**DATA PROVIDED**
'''

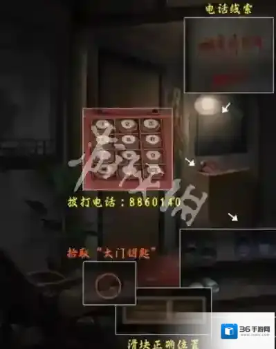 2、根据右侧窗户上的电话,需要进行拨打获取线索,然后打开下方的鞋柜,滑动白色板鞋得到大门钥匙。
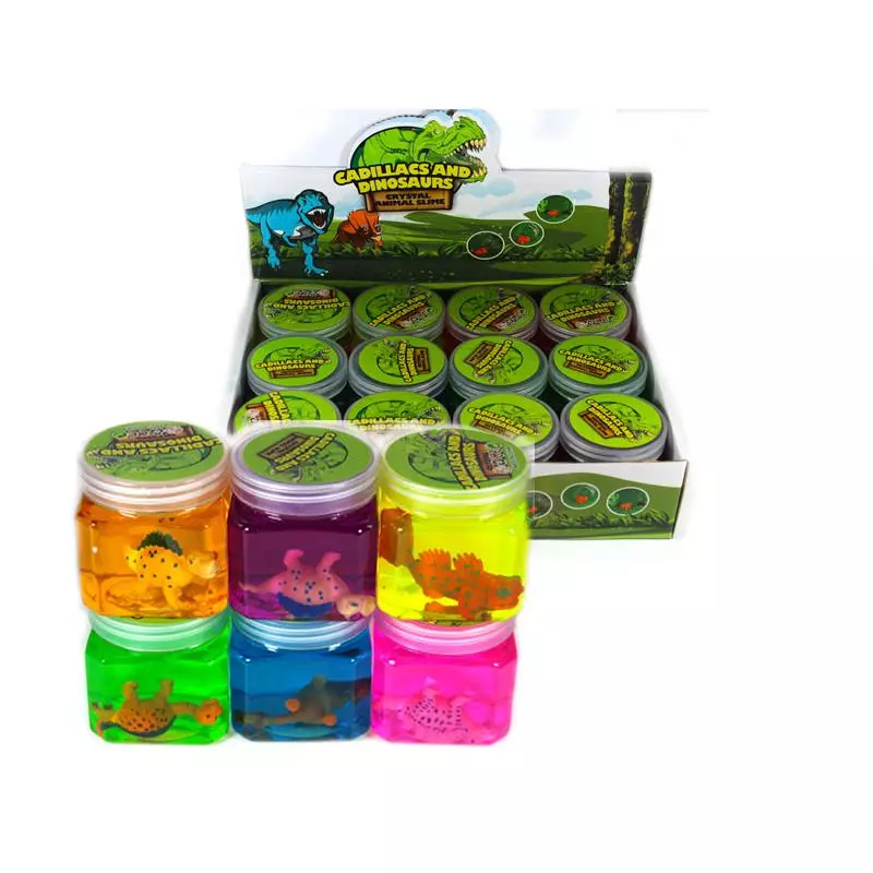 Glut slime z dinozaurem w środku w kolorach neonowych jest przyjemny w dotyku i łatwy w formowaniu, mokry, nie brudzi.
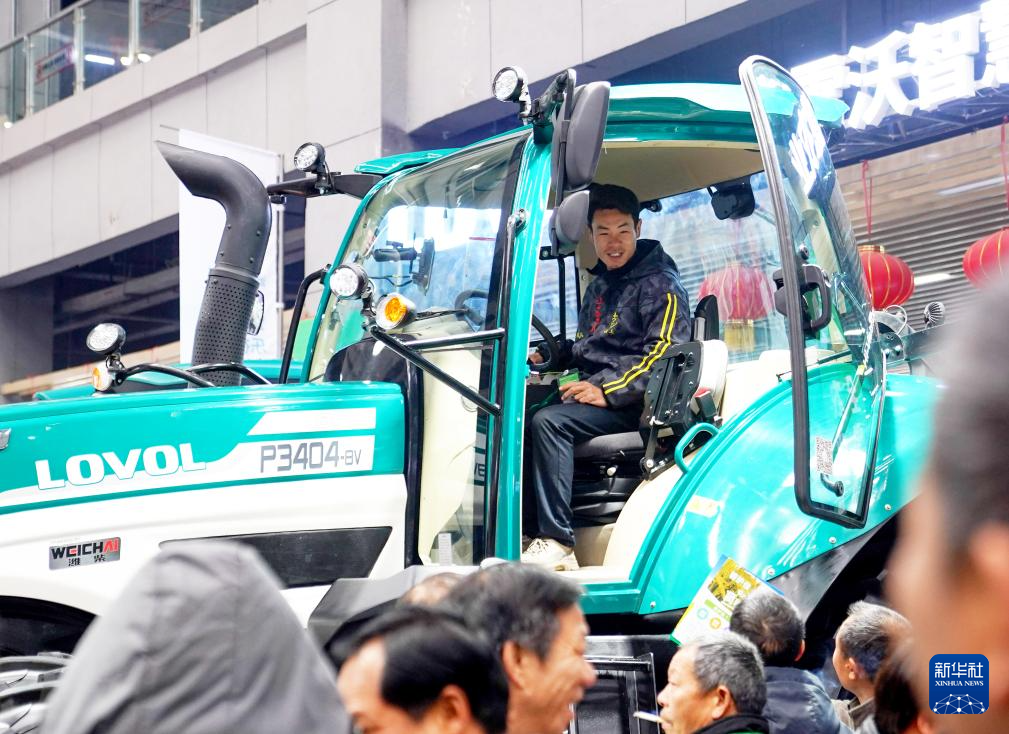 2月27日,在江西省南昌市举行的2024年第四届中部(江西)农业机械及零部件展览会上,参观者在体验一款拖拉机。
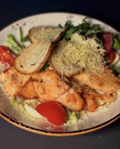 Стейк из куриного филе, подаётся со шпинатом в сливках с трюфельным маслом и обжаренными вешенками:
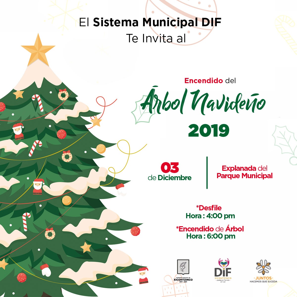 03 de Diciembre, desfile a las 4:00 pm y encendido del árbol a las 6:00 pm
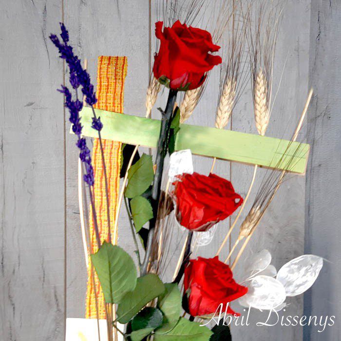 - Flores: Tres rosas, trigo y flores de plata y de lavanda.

'''
'''

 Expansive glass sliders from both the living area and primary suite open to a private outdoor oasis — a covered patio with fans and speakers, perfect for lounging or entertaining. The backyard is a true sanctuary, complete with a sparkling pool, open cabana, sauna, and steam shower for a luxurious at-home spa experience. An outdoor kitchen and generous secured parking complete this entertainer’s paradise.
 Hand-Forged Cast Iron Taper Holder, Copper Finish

'''

**PROBLEM STATEMENT**
Please print the lines above word for word, starting at the one with "2、根据右侧窗户上的电话,需" and ending at the one with "- Flores: Tres", both included, and without any picture.

**SOLUTION TO THE EXERCISE**
 2、根据右侧窗户上的电话,需要进行拨打获取线索,然后打开下方的鞋柜,滑动白色板鞋得到大门钥匙。
 Glut slime z dinozaurem w środku w kolorach neonowych jest przyjemny w dotyku i łatwy w formowaniu, mokry, nie brudzi.
 2月27日,在江西省南昌市举行的2024年第四届中部(江西)农业机械及零部件展览会上,参观者在体验一款拖拉机。
 Стейк из куриного филе, подаётся со шпинатом в сливках с трюфельным маслом и обжаренными вешенками:
 03 de Diciembre, desfile a las 4:00 pm y encendido del árbol a las 6:00 pm
 - Flores: Tres rosas, trigo y flores de plata y de lavanda.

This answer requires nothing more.